Un modèle touristique sous tension
L'évocation
d'un éventuel casino « style Vegas » renvoie à un modèle de
développement fondé sur l'hyper-divertissement : jeux d'argent, hôtels,
spectacles, restauration à grande échelle. Une approche que plusieurs
observateurs jugent aujourd'hui en décalage avec les aspirations
écotouristiques et locales.
Même à Las Vegas, cette formule montre
des signes d'essoufflement. La ville cherche désormais à se
repositionner sur des offres moins dépendantes du jeu, en raison de la
stagnation des revenus liés aux machines à sous et des préoccupations
environnementales croissantes, notamment sur la consommation énergétique
et l'accès à l'eau.
Dans ce contexte, transposer un tel modèle au
cœur d'un parc naturel québécois suscite de nombreuses réserves. Les
chiffres de Tourisme Cantons-de-l'Est indiquent par ailleurs une
progression continue du nombre de visiteurs depuis 2022, tirée par les
sports de nature et les événements culturels. Selon le bilan de l'été
2023 publié par Tourisme Cantons-de-l'Est, la région a accueilli environ
10 millions de visiteurs annuellement, ce qui la place au quatrième
rang des régions les plus visitées au Québec. Pour plusieurs acteurs
locaux, cela confirme que le site n'a pas besoin d'un casino pour
séduire.
Une vigilance environnementale permanente
Le parc national du
Mont-Orford abrite une biodiversité précieuse. Il joue aussi un rôle
écologique régional important comme corridor faunique entre les parcs
voisins. L'intensification des aménagements, quelle que soit leur forme,
pose la question de l'impact cumulé sur les écosystèmes.
Bien que
rien n'ait été officiellement annoncé concernant un projet de casino,
toute transformation d'envergure dans un parc national comme celui du
Mont-Orford serait, en vertu des lois québécoises en vigueur, soumise à
des évaluations environnementales encadrées. Les principes de
conservation à long terme sont au cœur de la mission de la Sépaq, gestionnaire du parc, ce qui impose des exigences strictes pour tout développement touristique.

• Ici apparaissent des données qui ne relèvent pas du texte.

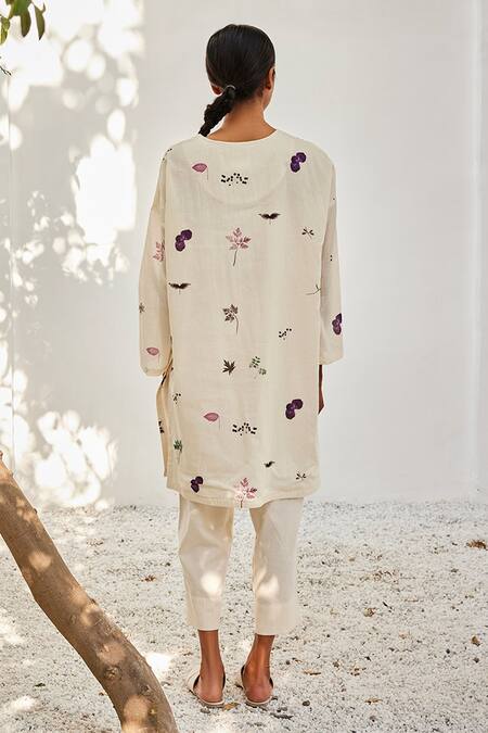 Off-white floral printed tunic featuring a notched neckline and full sleeves. Paired with matching trousers that have a front zipper and elasticated back.

Économie locale et équilibre territorial
Le débat n'est pas uniquement écologique. Il touche aussi à l'identité et à la dynamique sociale du territoire.
L'hôtellerie indépendante, les entreprises de plein air et les
résidents permanents redoutent que des investissements trop ambitieux ne
bouleversent l'équilibre local, avec une hausse des prix, une pression
accrue sur les infrastructures et une perte du caractère paisible du
lieu.
À ce jour, aucune déclaration officielle n'a été faite par
la Société des casinos du Québec (Loto-Québec) concernant l'Estrie. Le
sujet d'un nouveau site n'a pas non plus été abordé publiquement par le
gouvernement. Mais la méfiance s'installe : les précédents ont laissé
des traces, et les citoyens veulent être consultés en amont de toute
transformation d'envergure.
Une hypothèse qui soulève déjà des résistances
On
ne peut pas parler de réalité concrète pour autant, le « casino du Mont
Orford » est aujourd'hui une hypothèse qui reflète des tensions bien
réelles entre développement et protection. À défaut de documents
officiels ou de projets déposés, c'est la mémoire collective, marquée
par les luttes passées, qui fait surgir cette crainte. Pour certains, la
vigilance est une précaution nécessaire ; pour d'autres, elle traduit
une méfiance légitime envers les décisions prises sans consultation.
L'avenir
du Mont Orford dépendra de la capacité des décideurs à respecter
l'équilibre fragile entre attractivité économique et responsabilité
environnementale. Ce territoire mérite mieux que des spéculations : il
mérite un débat ouvert, informé et ancré dans les réalités locales.